50 Shades Freed and another Sad Ass Piano Scene.


You know you were thinking it. I was thinking it. We were all thinking it.

When is Christian Grey going to break out the world’s smallest pity piano again?

It has been almost two books and there hasn’t been an “I’m so sad and deep” piano moment ( aside from the one that just turned into piano sex. I couldn’t play “Chopsticks” for  a week).

We are keyed  up (no pun intended) for the latest installment of “Christian Grey’s super specific Sad Piano Music” and this time it is a piece from Chopin called Suffocation.

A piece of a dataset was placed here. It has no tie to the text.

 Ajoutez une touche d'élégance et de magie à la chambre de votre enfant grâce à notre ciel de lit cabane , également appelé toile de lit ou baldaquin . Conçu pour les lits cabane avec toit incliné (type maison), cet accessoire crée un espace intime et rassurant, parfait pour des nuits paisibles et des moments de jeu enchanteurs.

Uuuuugh, the hipster Grey says, you’ve probably never heard of it. Uuuhhhhhhhh. Sigh.

Grey is back to the nightmare sequences and is feeling super sad for himself and the only way he can feel better is through, you guessed it, Ana’s pants.

But, GASP! She decides to invoke the safe word on him. And he is so shook up. And so freaked out and man, he just wants to play piano. A lot.

But hey, you know what? Nothing fixes a bad day of disobedient wives, safe words, your wife’s ex boss trying to kidnap her (Yeah, that almost happened. But then it TOTALLY DIDN’T) like just flying to Aspen on a jet.

I’m sorry what? Rich people hobbies? Bourgeoisie  Sports? Yup.

But wait, there is more!!!!

A link to Detroit! Our very own Christian Grey was not born in Seattle (gasp) he’s from the roughened city of Detroit! And so is the would-be kidnapper! Eeeek! Scandal.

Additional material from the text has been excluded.